I have a hard time even figuring out what the issue here is? it’d be one thing if the first iPhone shipped and was riddled with bugs and promised/demoed features weren’t there, but that wasn’t the case. Launched more or less rock solid, and iPhoneOS 1.0 (as it was called then) was far from the buggiest wide release.
Dra@lemmy.zip 1 year ago
This is how all demos used to be. If the author/publisher of the ai prompt wasnt born less than 20 years ago they would know this
whofearsthenight@lemm.ee 1 year ago
Pohl@lemmy.world 1 year ago
Yeah. Am I supposed to be upset by this? Fuggen thing worked when it shipped. Are people angry that the marketing campaign started before every single engineering problem was solved? Why?
intensely_human@lemm.ee 1 year ago
Why?
Because they’ve never solved a complex problem, or accomplished anything that took the conscious coordination of multiple people.
Ilikecheese@lemm.ee 1 year ago
That is easily the dumbest thing I’ve read today.
GladiusB@lemmy.world 1 year ago
I’m not upset at all. Because I understand. But maybe they are upset they promised something they didn’t know they could deliver.
datelmd5sum@lemmy.world 1 year ago
Used to be?

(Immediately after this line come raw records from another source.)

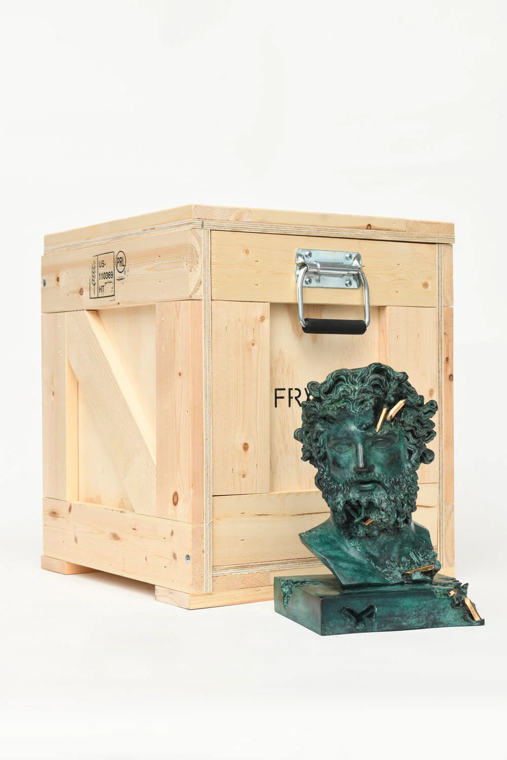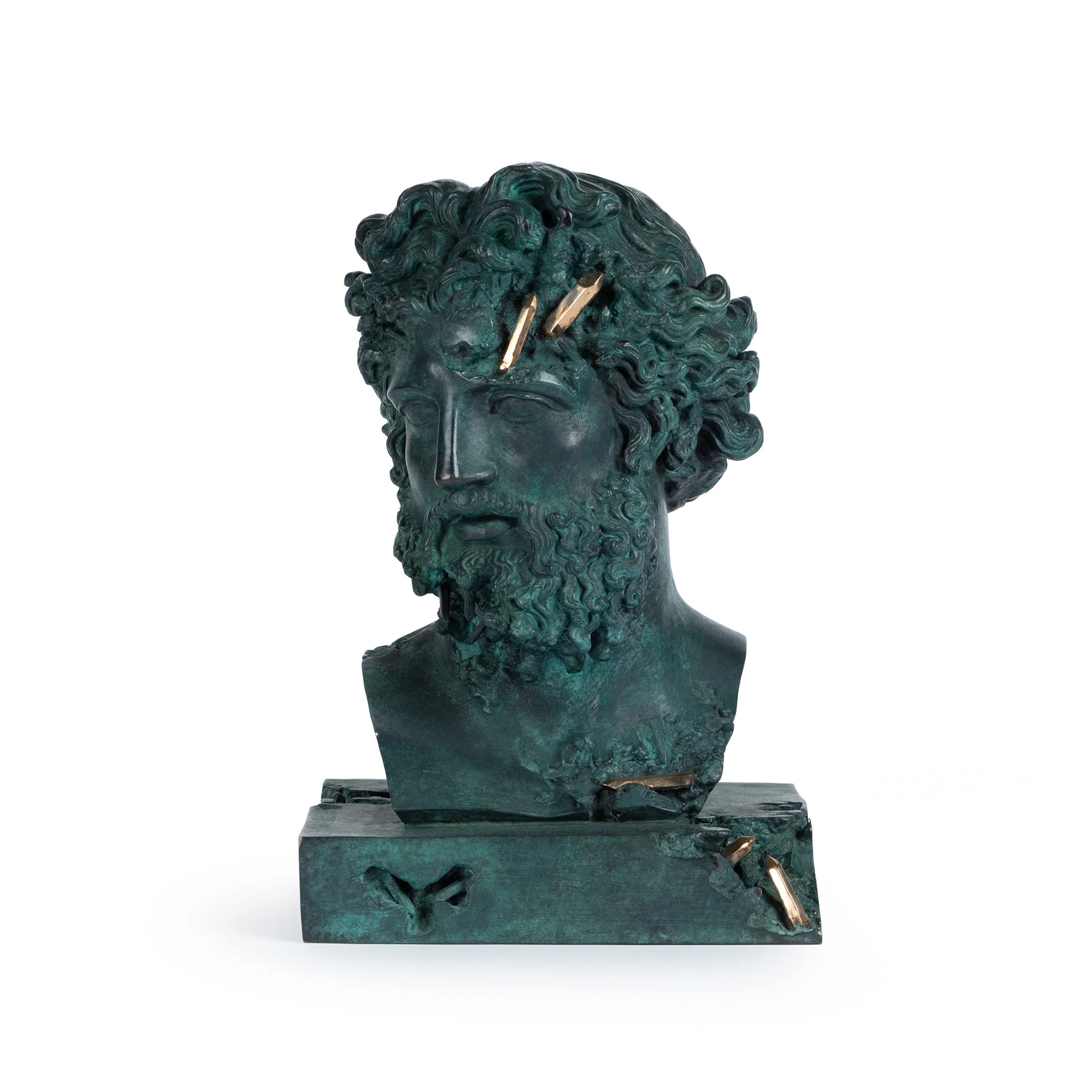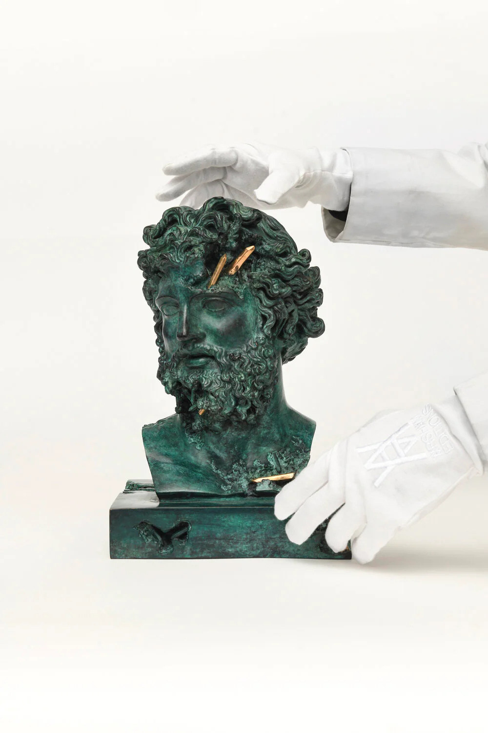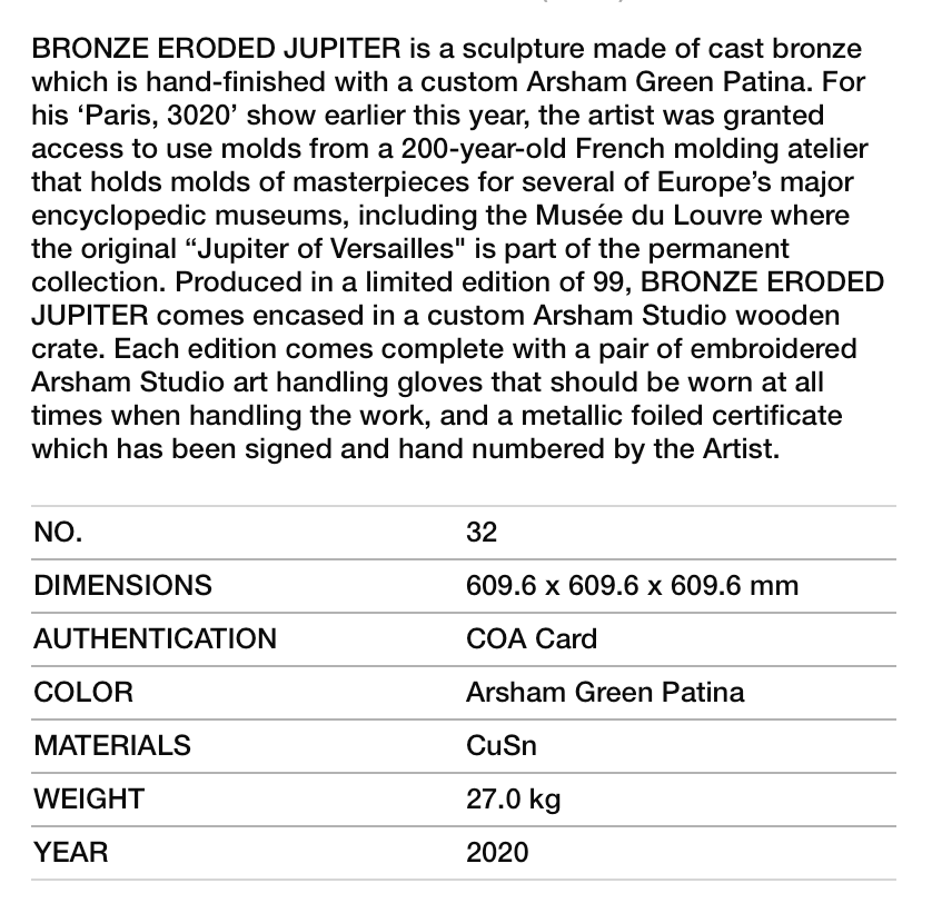 Official Art Piece Description: BRONZE ERODED JUPITER is a sculpture made of cast bronze which is hand-finished with a custom Arsham Green Patina. For his ‘Paris, 3020’ show earlier this year, the artist was granted access to use molds from a 200-year-old French molding atelier that holds molds of masterpieces for several of Europe’s major encyclopedic museums, including the Musée du Louvre where the original “Jupiter of Versailles" is part of the permanent collection. Produced in a limited edition of 99, BRONZE ERODED JUPITER comes encased in a custom Arsham Studio wooden crate. Each edition comes complete with a pair of embroidered Arsham Studio art handling gloves that should be worn at all times when handling the work, and a metallic foiled certificate which has been signed and hand numbered by the Artist.
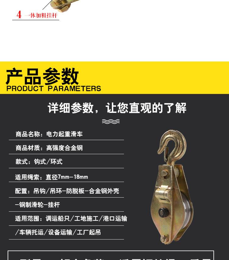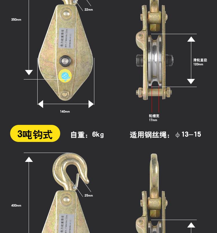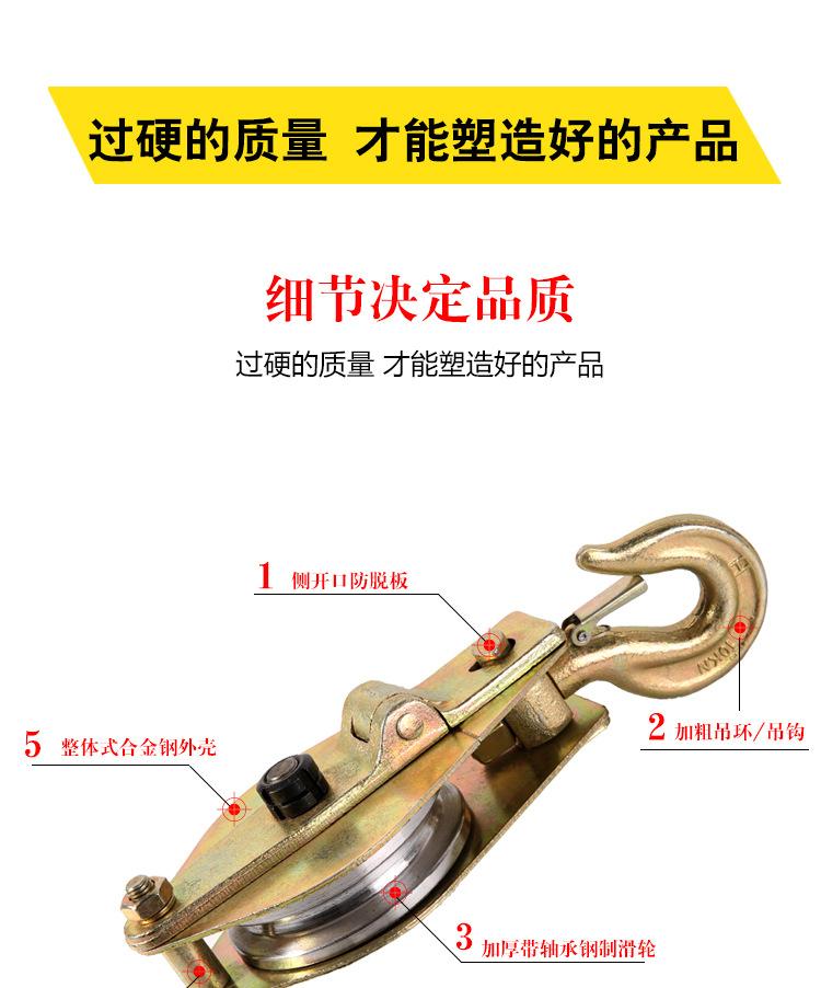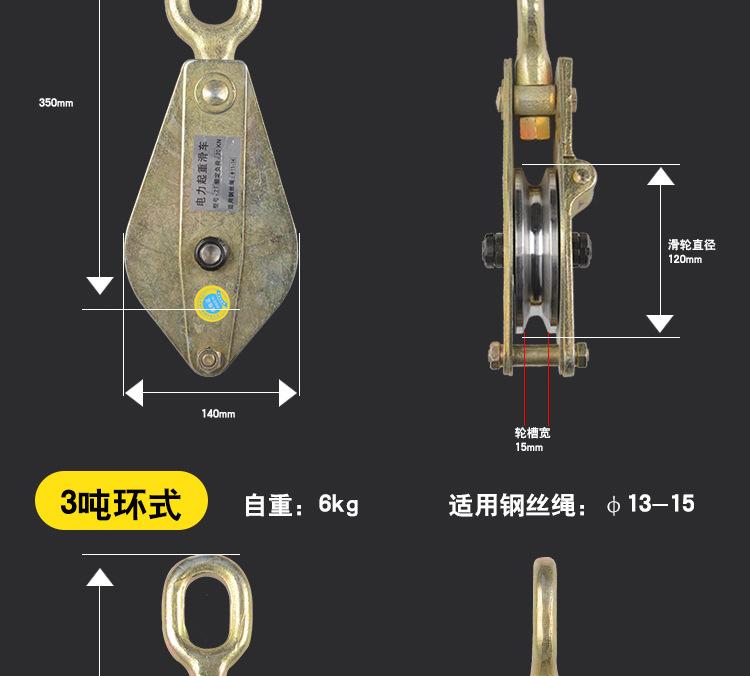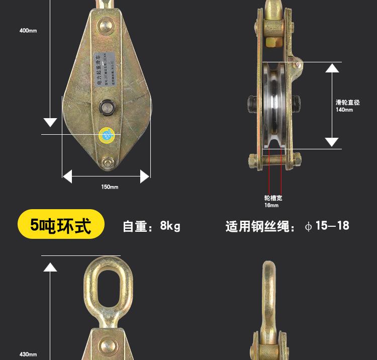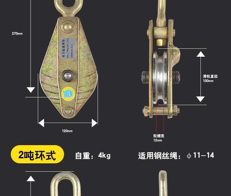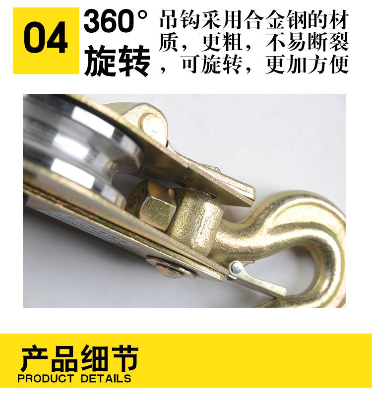 Polea de elevación gancho cable de acero elevación elevación polea grillete rodamiento polea bloque polea de una sola rueda engrosamiento
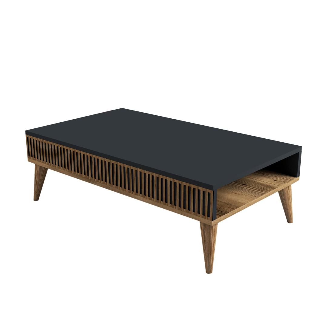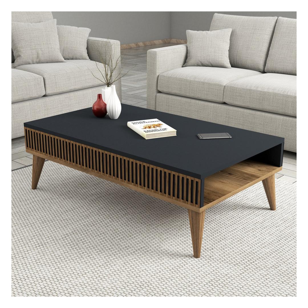 With its sleek and modern design, this coffee table is sure to become the focal point of your room. The combination of Walnut and Anthracite colors adds a touch of sophistication, effortlessly complementing any decor style. Its clean lines and smooth surface create a sense of harmony and balance, inviting you to relax and unwind.
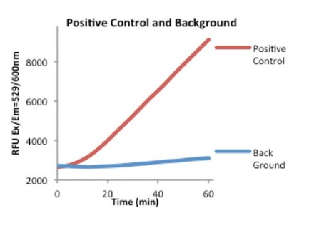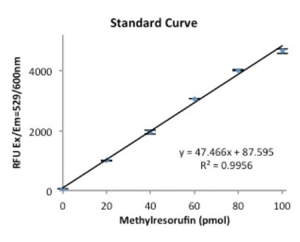 The Lipase Activity Assay Kit III provides a simple and direct procedure for measuring lipase activity in a variety of samples. Lipase activity is determined using a coupled enzyme reaction, which results in the generation of methylresorufin (λex = 529/λem = 600 nm) proportional to the enzymatic activity present. One unit of lipase is the amount of enzyme that will generate 1.0 μmole of methylresorufin from the substrate per minute at 37 °C.
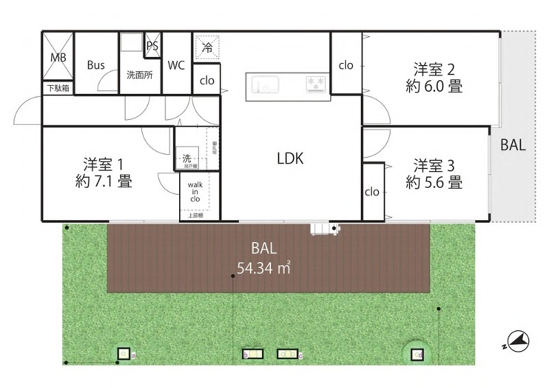 | バルコニー面積 | 54.34m²/西側 | ルーフバルコニー面積 | |

Why did I just demo a Potemkin village and get drunk in the middle of the week?
Potatos_are_not_friends@lemmy.world 1 year ago
Used to be?
Even as early as a few years ago, game demos at E3 were extremely controlled environments to avoid the journalist player crashing the game.
sunbeam60@lemmy.one 1 year ago
I’ve been at Gamescom once where we considered backup consoles and HDMI switches in the cable aisle to ensure we could rapidly switch onto a running game when the first instance crashed. Stability improved enough that it wasn’t required in the end but yeah, software for trade shows was always hot as hell.